Announced as a new research milestone to be presented at the virtual SIGGRAPH conference , the researchers propose a new class of near-eye displays that combine the power of holographic optics and polarization-based optical folding - an approach that could be used to develop future sunglasses-like VR hardware. These two methods, say the researchers, help keep the optics as thin as possible while making the most efficient use of space.
The new optical architecture is offered as being significantly more compact and offering the potential for better visual performance. Such lightweight and comfortable form factors, say the researchers, may enable extended VR sessions and new use cases, including productivity.
The design is demonstrated in a proof-of-concept research device that uses only thin, flat films as optics to achieve a display thickness of less than 9 mm while supporting a field of view comparable to today's consumer VR products.
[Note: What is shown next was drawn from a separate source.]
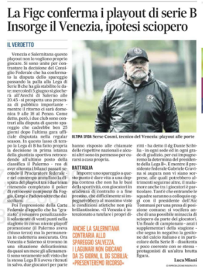 L'edizione odierna de "Il Gazzettino" approfondisce il caos scaturito dal ripristino dei playout di Serie B. Venezia e Salernitana non...

The work, say the researchers, demonstrates the promise of better visual performance, as well: Laser illumination is used to deliver a much wider gamut of colors to VR displays, and progress is made toward scaling resolution to the limit of human vision.
Current VR displays have three primary components: a source of light (e.g., LEDs), a display panel that brightens or dims the light to form an image (e.g., an LCD panel), and a viewing optic that focuses the image far enough away so that the viewer’s eyes can see it (e.g., a plastic lens). As the first two components can readily be formed into thin and flat modules, most of the weight and volume go into the viewing optics.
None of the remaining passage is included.